Throughout this entry, the author-practitioner frames his repeated mentions of Herodotus using more subheadings, “Galleys”, “Gold vases”, and “Iron vase joined and soldered”, that seem to offer insight into the kinds of knowledge he was most interested in or identified as worthy of reproducing or storing in his manuscript (162r). It is interesting that the subheadings2 refer to specific objects but the main text associated with each one of them simply provides the page and context in which these objects appear in (what could have been his own copy of) the Histories with no further commentary, as if he meant to go back to Herodotus’ text to study the objects more carefully. Nevertheless, the author-practitioner’s framing of these objects also brings his voice into focus by establishing what to him is knowledge worth preserving, and this entry’s ending all but confirms this desire to impart his wisdom and continue learning from others:
As small peddlers lay open small wares in order to buy richer ones & to profit more and more, so I, from a desire to learn, am exposing what little is in my workshop to
have inreceive, through a common commerce of letters, much rarer secrets from my benevolent readers. 162r
Though the remainder of this folio might seem to abruptly jump to much more detailed entries on molding, this immediacy, which allows “us to feel as though we can follow along in the course of his trials,” arguably demonstrates this wish for his voice and authority as an author—as someone capable of producing and sorting knowledge as much as a man of “letters” like Herodotus—to be recognized among a community of readers and thinkers, who all have “secrets” of their own to give in exchange (Keller).
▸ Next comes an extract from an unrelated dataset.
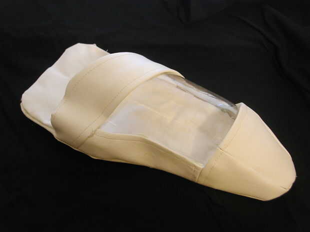 Entonces mi Bernina 830 y luchó durante casi dos días para hacer un trabajo prolijo de tirar blanco piel artificial alrededor de la cosa. Si el tiempo hubiera sido más estricto, habría sólo utilicé pegamento caliente. Como era, algunos de los puntos decorativos y ocultan una solución de cola caliente, pero la tela es realmente costuras para colgar alrededor de la forma.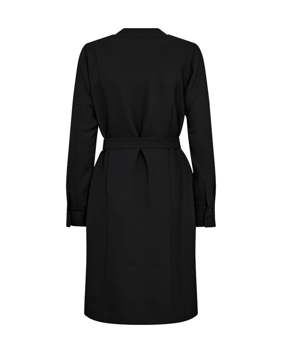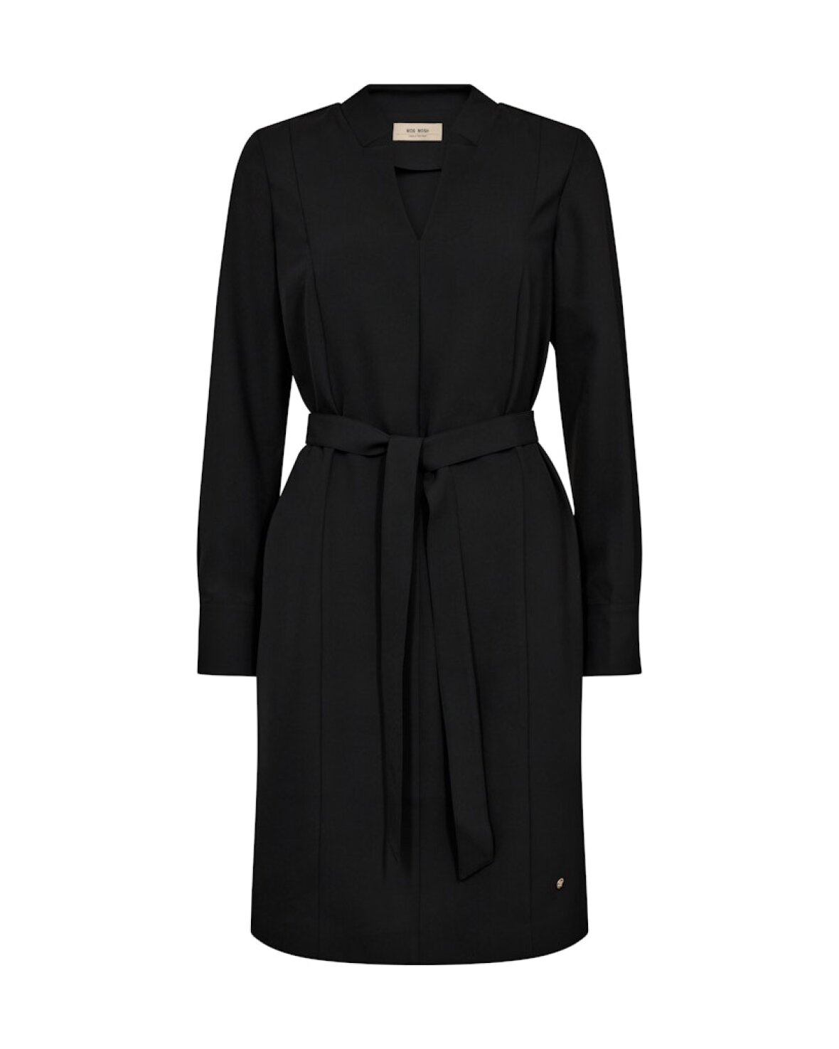 MMLIPI MILEY DRESS - MOS MOSH er en smuk klassisk sorte kjole med lange ærmer, en fin v-udskæring og bindebånd i taljen for at fremhæve dem smukke kvindelige silhouette. Brug den til hverdag med en lækker skindbuks og et par chunky støvler, og til fest med en strømpebuks og en fin hæl.

Folio 166r, “For the workshop” (cont’d?)
Our author-practitioner seems to continue reflecting on his “workshop” under an entry with the same title on folio 166r. He begins by acknowledging the possibility that he might have omitted something, perhaps a recipe he anticipates his readership might have liked to be included, and relies on an aphorism to excuse himself from any blame: “the harvester is not reproached for leaving some ears of wheat” (166r). The author-practitioner thus seems to embrace his role in curating useful recipes for a book that might be circulated widely, and demonstrates confidence in his decisions. He is basically saying to his readers, “If I left something out, you should still trust me; after all, I cannot cover everything.” He then relies on another, more complex aphorism to carry home the message that eveyone can find something of value in his writing, even though he writes on the most underappreciated of the arts: craftwork.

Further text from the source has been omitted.